After searching around on line to find out why this particular hike is called "Burnout Trail" or "Burnout Point," I was unsuccessful. We have done this hike before, but earlier this fall we were turned back from this particular trail because of logging activity in the area. We only had seven intrepid Trailblazers turn up for today's hike because the forecast indicated a 60% chance of rain or snow. The hike starts at the Clayton Beach trailhead and goes unrelentingly upward for the first few miles. There was no sun, but the mist made the cool and rather magical forest inviting and restful. There was no wind, and we chatted as we climbed.
By the time we reached around 1,400 feet of elevation, the snow that had fallen yesterday began to stick to the road and the surrounding vegetation. It was really lovely and peaceful, and we continued our upward climb while enjoying being outdoors without any rain. We had very little precipitation today, even though it obviously fell not long before.
Linda's red hat adds just enough color to make this picture a favorite. We saw the icicles on the side of the road, and they must have formed from runoff and freezing, because there is no stream in the area. They were really stunning as we approached them in the mist. I suspect after a day or two of sunshine, they will all be gone. We were in the right place at the right time!
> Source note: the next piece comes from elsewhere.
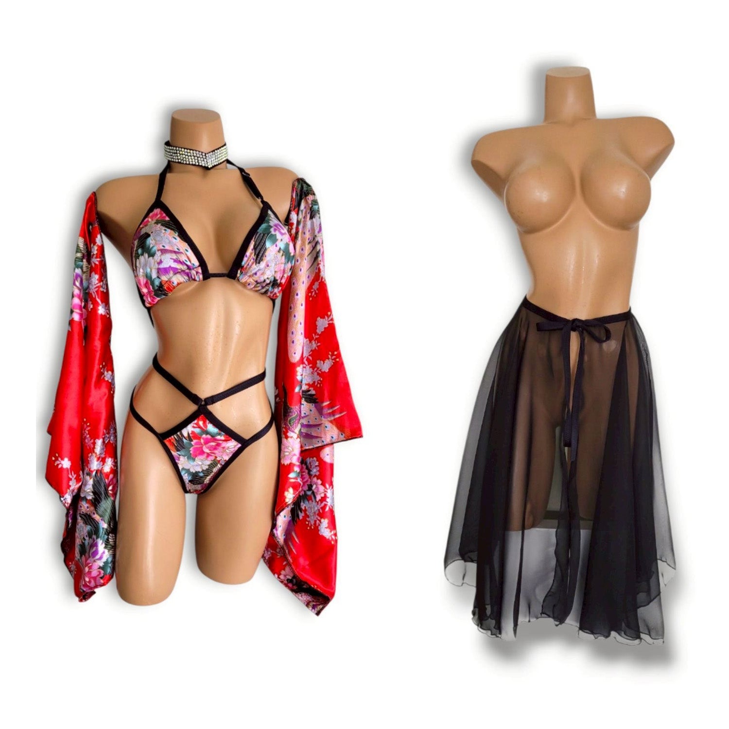 艶やかな赤のサテン地に和柄をあしらい、黒のアクセントで引き締めた、目を奪うような存在感のスカートセット。艶と品のある赤が放つ華やかさと、モダンな黒のコントラストが絶妙にマッチした、和洋折衷の魅力をまとった一着です。

We reached the logged area and looked for the viewpoint, which we didn't visit, since there was obviously no view at all. Usually there is a pretty spectacular view from Burnout Point, but as Peggy said, the fog and mist were a blessing, since we didn't have to see the devastation from the logging activity. From this point we headed down on the trail that leads to Lost Lake, and we saw that yesterday's snow had created some beautiful patterns on the mossy trees.
We stopped at Fragrance Lake for a quick lunch and then visited the viewpoint on our way back down, which added about a half mile to the trip on our way back to the Clayton Beach trailhead. There wasn't much of a view of Samish Bay, but the skies were beginning to show little patches of blue and the clouds were lifting.
This little side trip adds around an extra half-mile to our entire hike, so it was nice to visit it and hope for a view. Once we left and began to head back down to the cars, we had descended around a quarter mile when Linda, who was on the trail in front of me, stopped dead and said, "Uh-oh. I left my poles at the overlook!" She had had a nagging feeling that she had forgotten something and when she realized what it was, she said she would run back up to get them, not wanting us to have to wait too long for her. Mike then said, "You want to borrow mine?" Well, you guessed it: Mike had picked up Linda's poles and he and her husband Ward had been following behind, wondering when she would realize her mistake. (Mike doesn't usually use poles.) We all laughed and continued on down, but I warned Linda I would be forced to write about it. She agreed it was too good to pass up.
I asked Ward to take a picture of me as we were leaving the area, since I realized I'd forgotten to get one last week and we were almost back to the cars before remembering today. We covered a little more than nine miles and around 2,000 feet elevation gain and loss. It's been a really good day, and I'm happy I went and didn't stay home because of possible bad weather. The picture reminds me that I'm due for a haircut.